Its director-general, Datuk Nadzri Siron, had said last week that any offenders caught for seven offences will not be issued with compound fines, but will instead be hauled off to court.

The seven offences are indiscriminate use of emergency lanes, overtaking on double lines, running the red light, using the mobile phone while driving, failure to fasten seat belts, jumping traffic queues and riding a motorcycle without a helmet.

He told the publication that apart from Road Transport Act laws, there are clauses that empower the transport minister to enable the authorities to charge traffic offenders in court. He added that it was a desperate move by the authorities to reduce the rising rate of road accidents and fatalities in the country.

“We have tried almost everything. From enforcement to advice through campaigns, but the figures continue to be alarming. When there are heavy vehicles are travelling faster than cars, youngsters riding motorcycles without helmets and people using their mobile phones to send text messages while driving, we have to act to save their lives and that of other innocent road users. All these are being initiated for the benefit and safety of the public in general,” he explained.

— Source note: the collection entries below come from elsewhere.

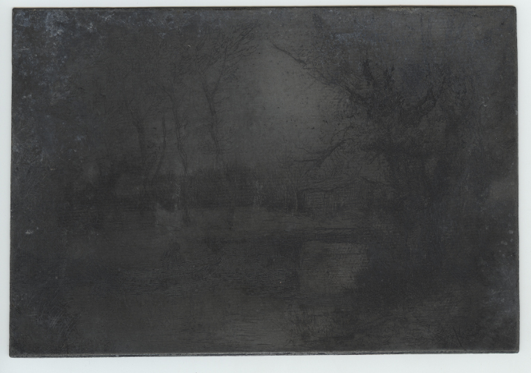 Etsplaat, zink, met landschap van bomen en een brug. Rechts op de voorgrond een grote boom. Links daarvan een brug met daarvoor een persoon in een boot. Links op de achtergrond bomen en enkele gebouwen. Niet gesigneerd.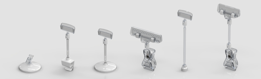 Данную группу ценникодержателей объединяет общий принцип работы на шарнирном соединении с максимальной подвижностью элементов ценникодержателя между собой.
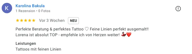 „Perfekte Beratung & perfektes Tattoo. Feine Linien perfekt ausgemalt!! Lorena ist absolut TOP – empfehle ich von Herzen weiter.“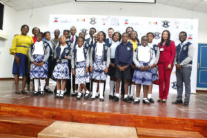 Head Teacher St. Saviours School Ikoyi, Craig Heaton, flanked on the right by Chairman Board of Management, Mr. Ade Laoye, and Chairperson Co-Curricular Activities, Olayemi Edeki and on the left by Zenith Bank Group Zonal Head Ikoyi, Adobi Nwapa, and Head of Music, Mr Omole at St. Saviours School, Ikoyi welcoming back the students from the COBIS music competition in Netherlands. The competition was held on May 3 -5, 2019, and the school won the 1st prize in Choir Vocal Ensemble and came 3rd in Instrumental Ensemble; making her the first Nigerian and African School to win the competition.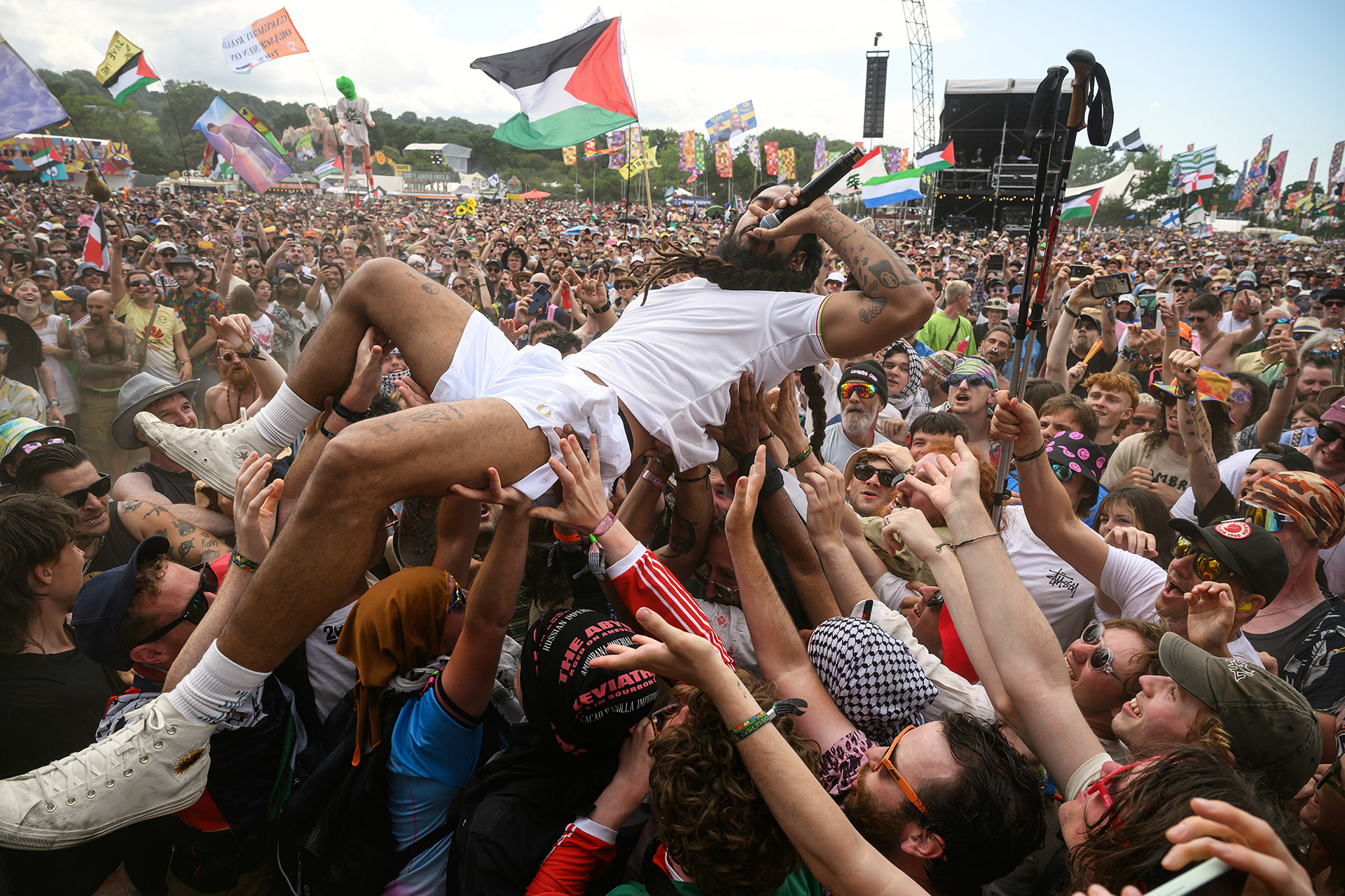The daytime people were the ones making the headlines though. Waiting to cover Kneecap, I decided to shoot the previous group, Bob Vylan, as I remember them being good in previous years. After shooting the first three songs and heading to the waiting area by the side of the stage, lead singer Bobby Vylan started his now famous chant of “Death to the I.D.F.” and we suddenly had a news story.

It was reported that some lawyers had argued that JPJ’s decision to take traffic offenders to court for compoundable offences was unlawful, stating that the move should not be enforced until laws are amended, but Nadzri disagreed with the viewpoint.

“Lawyers may have their own views on the matter, but we consulted our law experts before implementing the move. It has been accepted by the court of law and we have had no objection. Offenders have the option to defend themselves and it is the prerogative of the court to decide on the case,” he stated.

There was a significant increase in road accidents and fatalities in 2016 compared to the previous year. A total of 521,466 accidents were reported last year compared to 489,606 in 2015, and the number of fatalities also climbed, with 7,125 deaths from road accidents in 2016, up from the 6,706 recorded in 2015. Motorcyclists and pillion riders accounted for more than 62% of these fatalities.